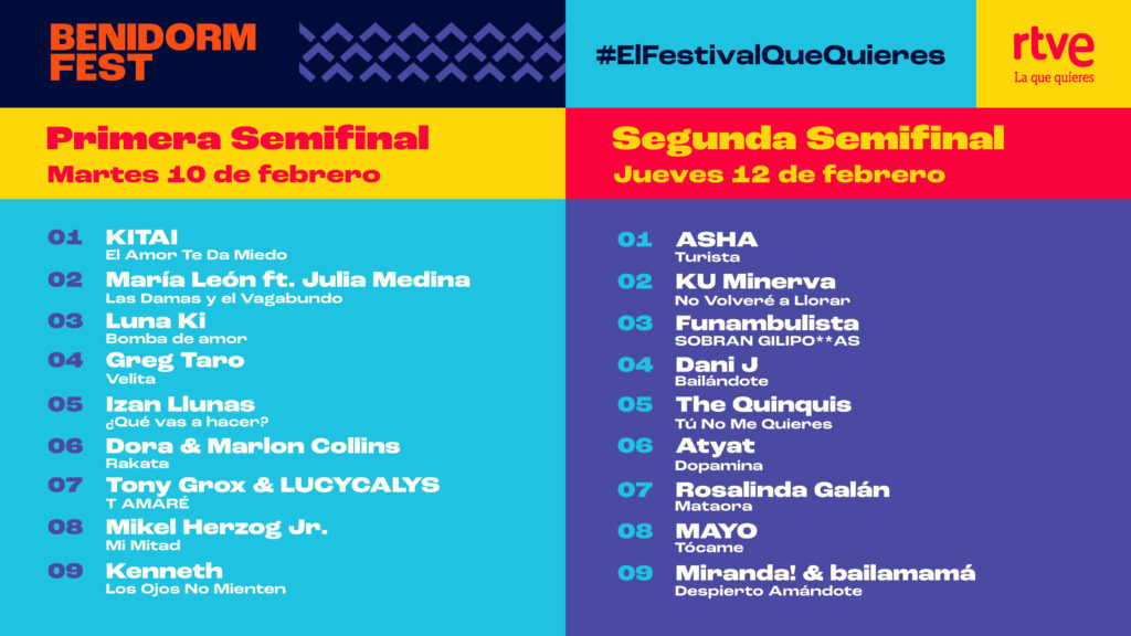 RTVE ha dado a conocer el orden de actuaciones de las semifinales del Benidorm Fest 2026, que este año cumple su quinto aniversario. Ambas galas tendrán lugar el 10 y 12 de febrero en el Palau d’Esports l’Illa de Benidorm. En cada gala se clasificarán seis artistas para la gran final del sábado 14 de febrero.
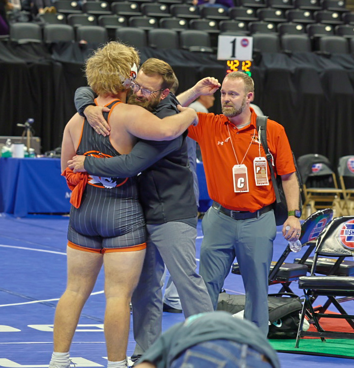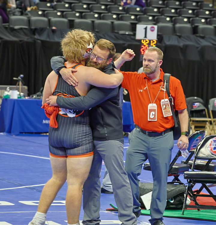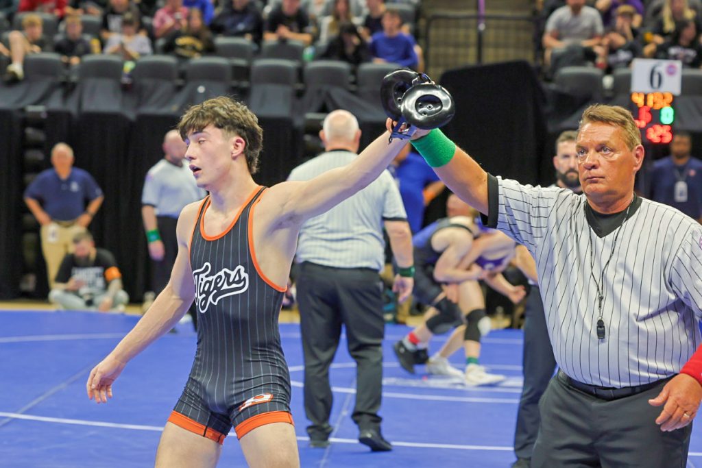 Hicks had a similar route to the medal rounds. He knocked off Kaden Updike of Oakville with a pin in the first round. In the quarterfinal match, he trailed Garo Sams of Francis Howell Central 3-0 after round one. But a takedown and nearfall put Hicks on top in the second period, and he held on for a 7-4 decision. Hicks (35-6) will wrestle Masen Bindel (20-7) in the semifinal Saturday.
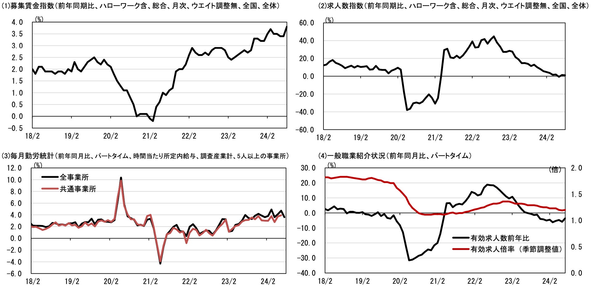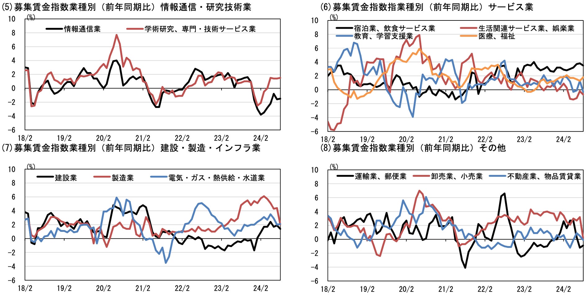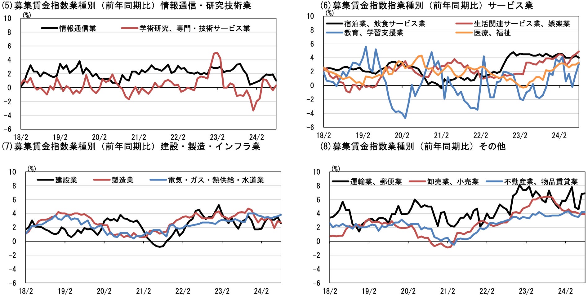 一方で、募集賃金も低位に推移している「生活関連サービス業、娯楽業」では減速が目立っており、これらの業種では求人需給がひっ迫していない様子がうかがえる。
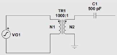 最后,如果這種生成器需要代表實際物理信號,則可以使用變壓器,如圖2所示。本例中,我們建模了一個具有0.5pC/g靈敏度和500pF寄生電容的生成器。正弦波生成器每單位g輸出1V以實現仿真。變壓器在其次級線圈將它向下調節至 1mV.施加給C1(500 pF)的1mV擺動,將會如我們預計的那樣在下一級注入 Q = VC = 0.5 pC.
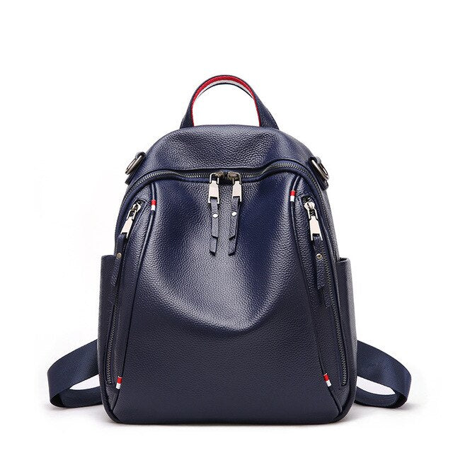 2022 High Quality Lady Genuine Leather Backpacks Women England Style Fashion Simple Soft Bag Girl Bi-directional Zipper Packsack
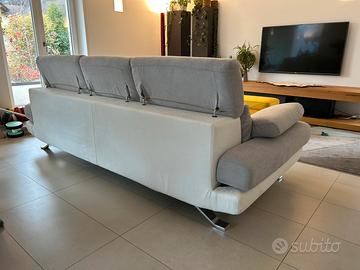 Divano marchio Poltronesofà modello Gimigliano 4 posti in tessuto grigio, misure 97x247x113 cm, con meccanismo schienale e braccio. Molto elegante e moderno, poggiatesta regolabili.
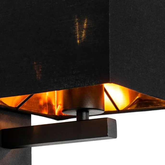 Wauw wat een mooi wandlamp is VT1. Erg modern in zijn design. Doordat de binnenzijde van de kap goud is, geeft de lamp een warm lichteffect. De wandlamp is gemaakt van stof met staal en is afgewerkt in het zwart met goud. Hij heeft een diepte van 20,1 cm, hoogte van 20,3 en lengte van 17 cm. De montageplaat heeft een diepte van 2 cm, hoogte van 8 cm en lengte van 8 cm. De kap heeft een diepte van 17 cm, hoogte van 12 cm en lengte van 17 cm. Je maakt VT1 compleet met een lichtbron die beschikt over een E27 fitting (max. 60 Watt). Vergeet deze er niet nog bij te bestellen! De lamp is dimbaar met een externe dimmer, deze is niet inbegrepen. Een mooie wandlamp voor in de woonkamer, slaapkamer of werkkamer. VT1 voegt sfeer toe aan jouw interieur en dat mag niet ontbreken!
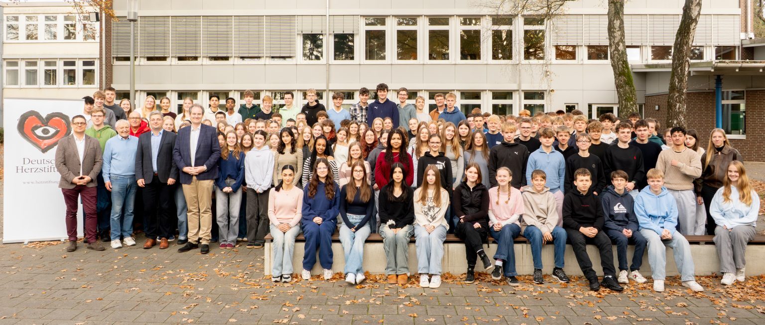 Unter der Schirmherrschaft und mit finanzieller Unterstützung der Deutschen Herzstiftung kann das Projekt Herzensretter in Bronze am Gymnasium Georgianum Lingen für den Jahrgang 10 in Kooperation mit der DLRG Lingen umgesetzt werden. Als Vertreter der Deutschen Herzstiftung waren Prof. Dr. Pott und Herr Hermann Hesse, Ehrenamtlicher Beauftragter Deutsche Herzstiftung für das Emsland und die Grafschaft Bentheim, eingeladen.

···

Go back to the listing above and reproduce, exactly, the stretch from the line bearing "一方で、募集賃金も低位に推移" through the line bearing "VC = 0.5 pC.", without its pictures.

TASK ANSWER:
 一方で、募集賃金も低位に推移している「生活関連サービス業、娯楽業」では減速が目立っており、これらの業種では求人需給がひっ迫していない様子がうかがえる。
 最后,如果這種生成器需要代表實際物理信號,則可以使用變壓器,如圖2所示。本例中,我們建模了一個具有0.5pC/g靈敏度和500pF寄生電容的生成器。正弦波生成器每單位g輸出1V以實現仿真。變壓器在其次級線圈將它向下調節至 1mV.施加給C1(500 pF)的1mV擺動,將會如我們預計的那樣在下一級注入 Q = VC = 0.5 pC.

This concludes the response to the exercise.